I want to make a thread wait until a multithread queue is not empty. The queue has only one producer and one consumer. The producer places tasks in the queue when available but the producer has to wait until two or more tasks have been gathered. The reason why I don't just use the get method twice in order to retrieve two tasks is because it over complicates the flow of the algorithm. That cannot be depicted in the snippet bellow though, because obviously it's just an oversimplified example.
I need to know that the queue is not empty so that I can compare the peak of the queue (without removing it) with the element I just removed with get
How it could be done with sleep:
while myQueue.empty():
sleep(0.05)
How can I do that without using sleep? Should I use event.wait()? If yes, I cannot figure out how I should properly use the event.clear() command. Since the thread that I want to make wait is also the consumer and I cannot be sure whether the queue is empty. Even if I use queue.empty() to check.
Essentially, it seems you need to implement the Queue.peek() method, that would return the next element in the queue without actually removing it.
This method is not available in the standard Queue object, but you can inherit and expand it without problems:
from Queue import Queue
class VoyeurQueue(Queue):
def peek(self, block=True, timeout=None):
# ...
Now for the contents of new peek() method, you can simply copy-paste the contents of get() method of the base Queue object with some modifications. You can find it at /usr/lib/python?.?/Queue.py if you're on Linux, or %PYTHONPATH%/lib/Queue.py if you're on Windows (not sure about the latter as I'm currently on Linux machine and cannot check). In my copy of Python 2.7, the get() method is implemented as:
def get(self, block=True, timeout=None):
# ... lots of comments
self.not_empty.acquire()
try:
if not block:
if not self._qsize():
raise Empty
elif timeout is None:
while not self._qsize():
self.not_empty.wait()
elif timeout < 0:
raise ValueError("'timeout' must be a non-negative number")
else:
endtime = _time() + timeout
while not self._qsize():
remaining = endtime - _time()
if remaining <= 0.0:
raise Empty
self.not_empty.wait(remaining)
item = self._get()
self.not_full.notify()
return item
finally:
self.not_empty.release()
def _get(self):
return self.queue.popleft()
Now, for differences.
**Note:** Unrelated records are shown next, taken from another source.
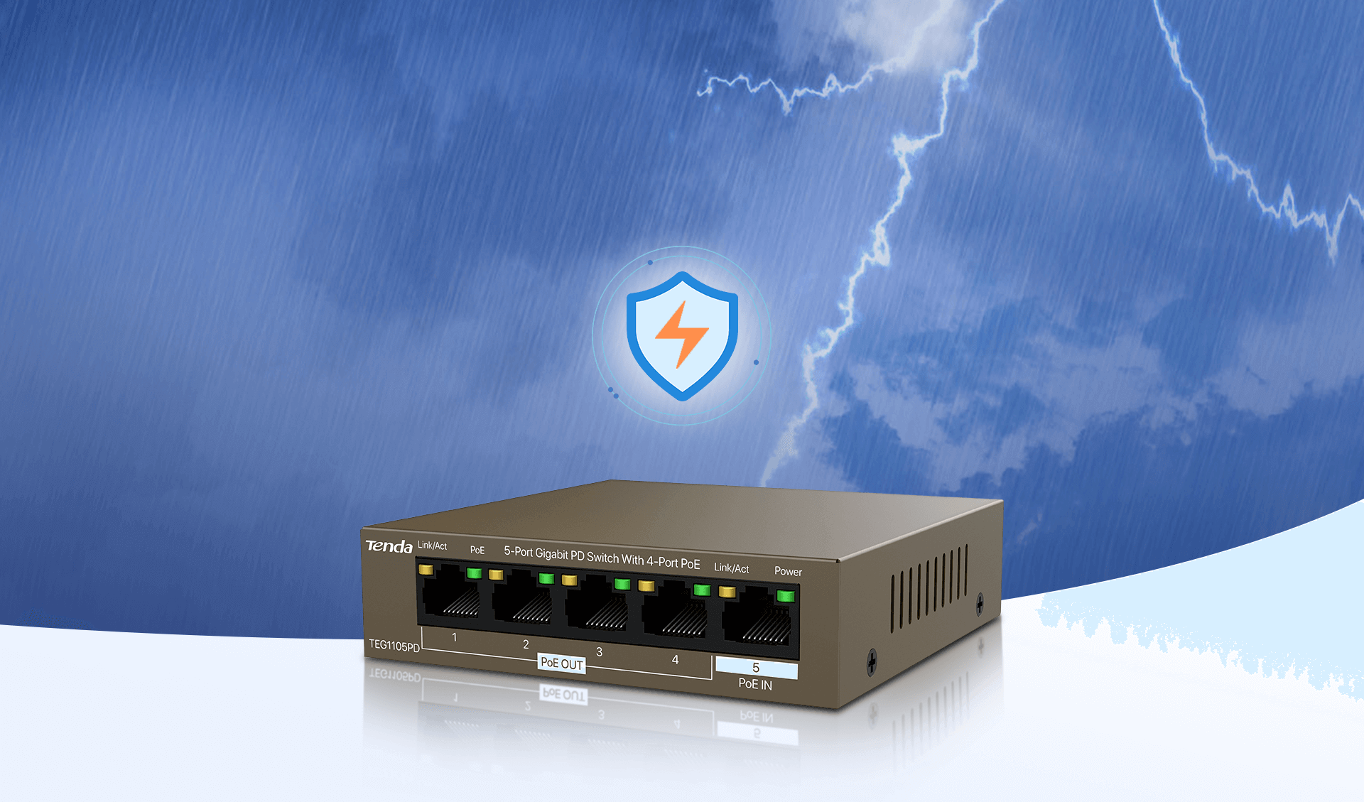 Tenda 5-Port Gigabit PD Switch With 4-Port PoE (Powered By POE Uplink) /TEG1105PD
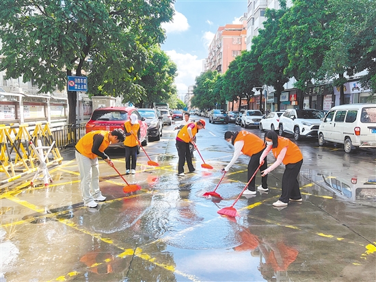 广东江门中医药职业学院大学生志愿者合力清扫街道积水。
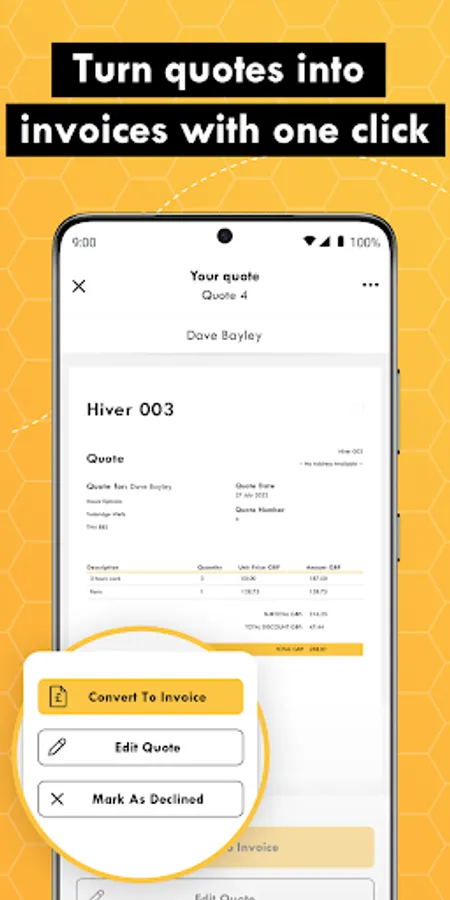 QUOTES: Create quotes in minutes from line items or a custom template. Add VAT, margin and discounts before sending quotes straight to your customer for approval. Our flexible quote-builder lets you add your logo and colours to make professional and comprehensive quotes with full cost breakdowns. When the job is done, you can turn the quote into an invoice with one tap.
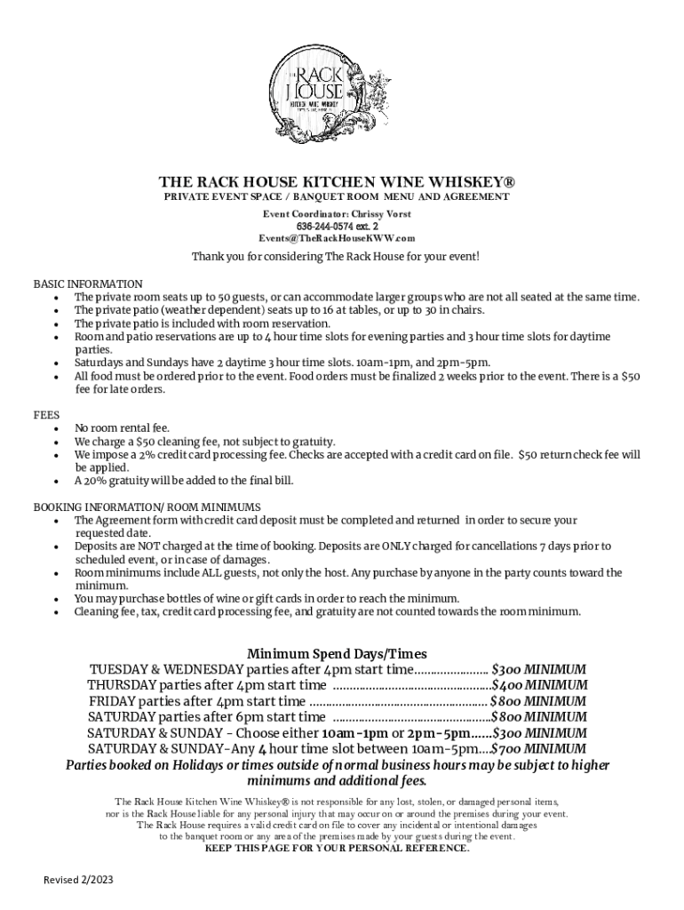 PRIVATE EVENT SPACE / BANQUET ROOM MENU AND AGREEMENT
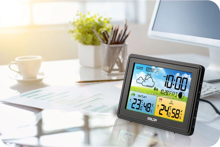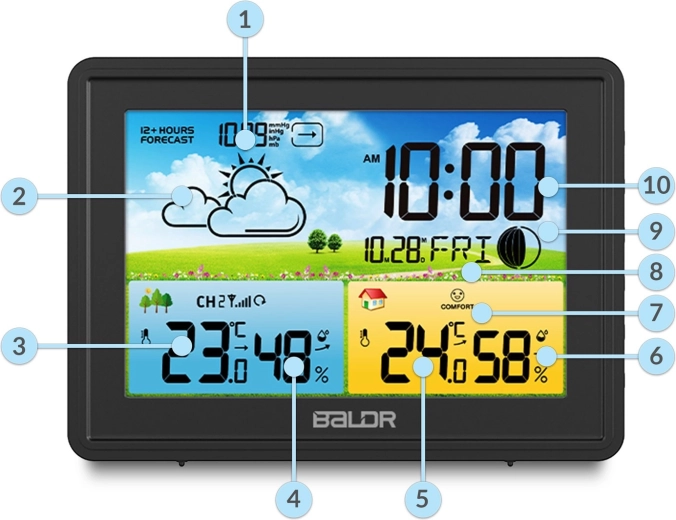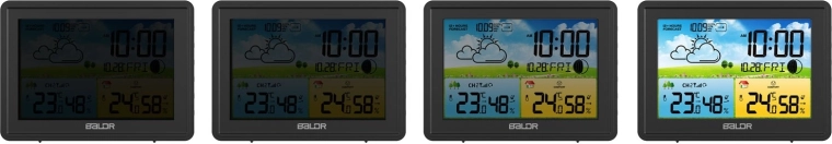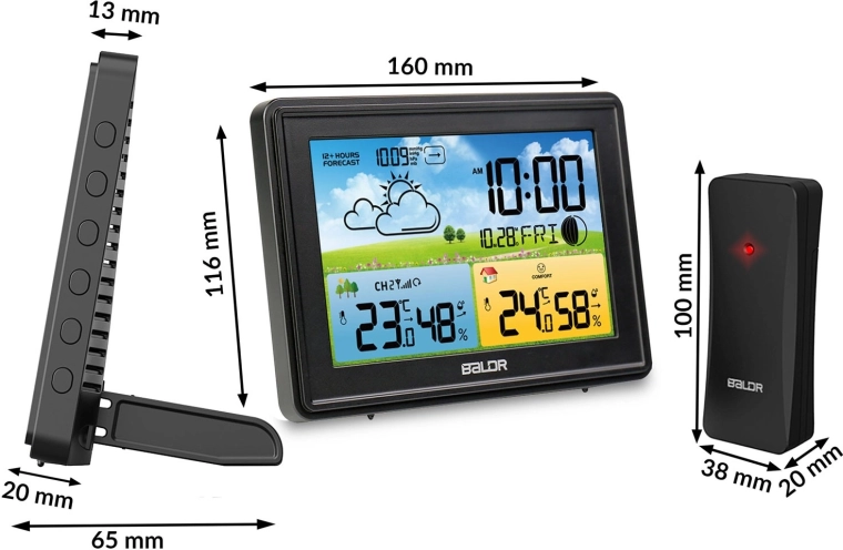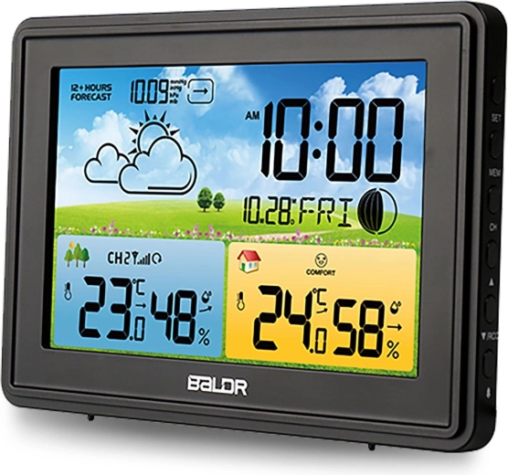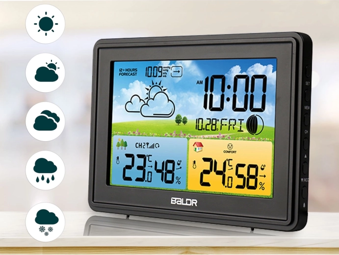 Modern vezeték nélküli meteorológiai állomás színes LCD-vel, 12 órás előrejelzéssel és DCF77 automatikus időszinkronizálással. Mér benti és kültéri hőmérsékletet és páratartalmat, megjeleníti a barometrikus nyomást, a Hold fázisait, a komfortszintet, és ébresztőórát szundival kínál. A háromszintű fényerőnek köszönhetően nappal és éjjel is kiválóan olvasható.
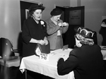 Image shows Mrs. Charles G. Eidson, left, Waco, council state president and Mrs. Earl Sanders, right, president of the Brownwood council registering for the Texas Council of Church Women's conference. Mrs. Ray McKinley, seated, 3801 Pershing is shown helping . Published in the Fort Worth Star-Telegram evening edition, March 7, 1951.

You don't want to remove the element, so instead of _get() we define the following:
def _peek(self):
return self.queue[0]
And in the peek() method, we still use the self.not_empty Condition but we no longer need the self.not_full.notify(). So the resulting code will look like:
from Queue import Queue
class VoyeurQueue(Queue):
def peek(self, block=True, timeout=None):
self.not_empty.acquire()
try:
if not block:
if not self._qsize():
raise Empty
elif timeout is None:
while not self._qsize():
self.not_empty.wait()
elif timeout < 0:
raise ValueError("'timeout' must be a non-negative number")
else:
endtime = _time() + timeout
while not self._qsize():
remaining = endtime - _time()
if remaining <= 0.0:
raise Empty
self.not_empty.wait(remaining)
item = self._peek()
return item
finally:
self.not_empty.release()
def _peek(self):
return self.queue[0]
You can use a semaphore, initialized at zero, in parallel to the queue. Let say for example mySemaphore = threading.Semaphore(0). By default the thread calling mySempahore.acquire() will be blocked as the semaphore is zero without touching the queue. Then when you put someting in the queue, you can call mySemaphore.release() that will allow one thread to execute (util the next loop is suppose).
Just myQueue.get(block=True) will bock your thread (stop its execution) until there is something to retrieve from the queue. When an item is availabe in the queue it will be returned by this call. You can add a timeout in case you want to exit if the queue is never feed.
See https://docs.python.org/3/library/queue.html#queue.Queue.get.
I want to make a thread wait until a multithread queue is not empty.
I want to avoid retrieving the next object, that's why I am not using the get method
If you don't mind using a sentinel object (I use one I name Done to tell my consumer thread we're done so it can wrap up.)
Start = object() # sentinel object on global scope.
in producer:
queue.put(Start)
and in worker:
item = queue.get() # blocks until something received
if item is Start:
print('we have now started!')
I'm not sure why you'd do that though, but this does seem to do what you want it to do.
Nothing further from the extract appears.